> _Try it_: Both the line containing "Gnarly Niles #52b" and the line containing "Vào thời gian" belong to the span. Output exactly that span from the listing below, and nothing outside it.

> _The data_:
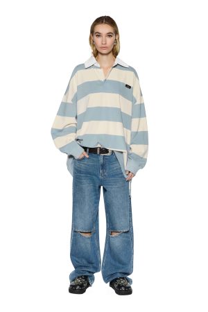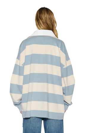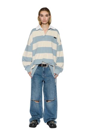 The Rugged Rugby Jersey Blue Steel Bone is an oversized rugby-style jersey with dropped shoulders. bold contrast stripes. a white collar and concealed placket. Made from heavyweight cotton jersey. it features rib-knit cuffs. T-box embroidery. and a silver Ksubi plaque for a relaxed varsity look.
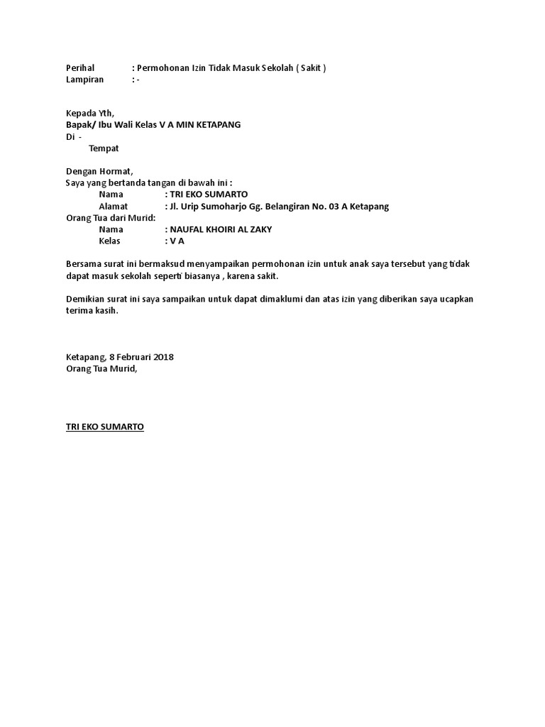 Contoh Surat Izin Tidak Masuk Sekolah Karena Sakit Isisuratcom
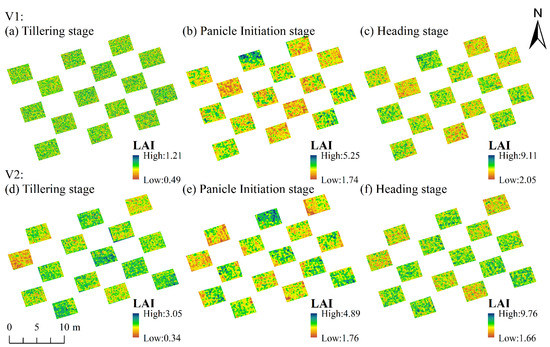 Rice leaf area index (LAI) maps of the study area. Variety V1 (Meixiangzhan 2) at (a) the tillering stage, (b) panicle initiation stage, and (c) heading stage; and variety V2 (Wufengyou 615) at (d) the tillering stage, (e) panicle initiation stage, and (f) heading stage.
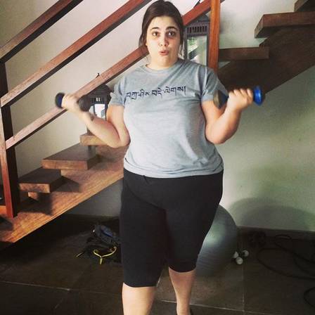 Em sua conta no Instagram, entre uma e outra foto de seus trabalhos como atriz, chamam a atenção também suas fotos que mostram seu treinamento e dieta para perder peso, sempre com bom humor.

...

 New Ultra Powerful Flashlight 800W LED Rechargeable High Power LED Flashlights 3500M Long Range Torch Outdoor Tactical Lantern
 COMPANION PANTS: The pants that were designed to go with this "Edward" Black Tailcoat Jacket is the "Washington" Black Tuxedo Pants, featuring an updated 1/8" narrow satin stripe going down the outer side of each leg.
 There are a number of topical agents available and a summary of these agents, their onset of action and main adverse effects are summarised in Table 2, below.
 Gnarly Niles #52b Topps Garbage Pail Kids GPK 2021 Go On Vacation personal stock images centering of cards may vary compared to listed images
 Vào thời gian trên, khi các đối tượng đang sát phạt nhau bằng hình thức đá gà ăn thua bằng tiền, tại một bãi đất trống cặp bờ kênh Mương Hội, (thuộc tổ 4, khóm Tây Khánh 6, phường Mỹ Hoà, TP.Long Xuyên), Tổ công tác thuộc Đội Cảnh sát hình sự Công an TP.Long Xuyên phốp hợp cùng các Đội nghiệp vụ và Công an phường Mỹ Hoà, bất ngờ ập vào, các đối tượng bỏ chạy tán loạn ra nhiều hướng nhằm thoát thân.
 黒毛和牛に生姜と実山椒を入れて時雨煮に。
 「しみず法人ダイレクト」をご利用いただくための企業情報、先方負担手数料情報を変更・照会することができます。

> _Solution for this problem_:
 Gnarly Niles #52b Topps Garbage Pail Kids GPK 2021 Go On Vacation personal stock images centering of cards may vary compared to listed images
 Vào thời gian trên, khi các đối tượng đang sát phạt nhau bằng hình thức đá gà ăn thua bằng tiền, tại một bãi đất trống cặp bờ kênh Mương Hội, (thuộc tổ 4, khóm Tây Khánh 6, phường Mỹ Hoà, TP.Long Xuyên), Tổ công tác thuộc Đội Cảnh sát hình sự Công an TP.Long Xuyên phốp hợp cùng các Đội nghiệp vụ và Công an phường Mỹ Hoà, bất ngờ ập vào, các đối tượng bỏ chạy tán loạn ra nhiều hướng nhằm thoát thân.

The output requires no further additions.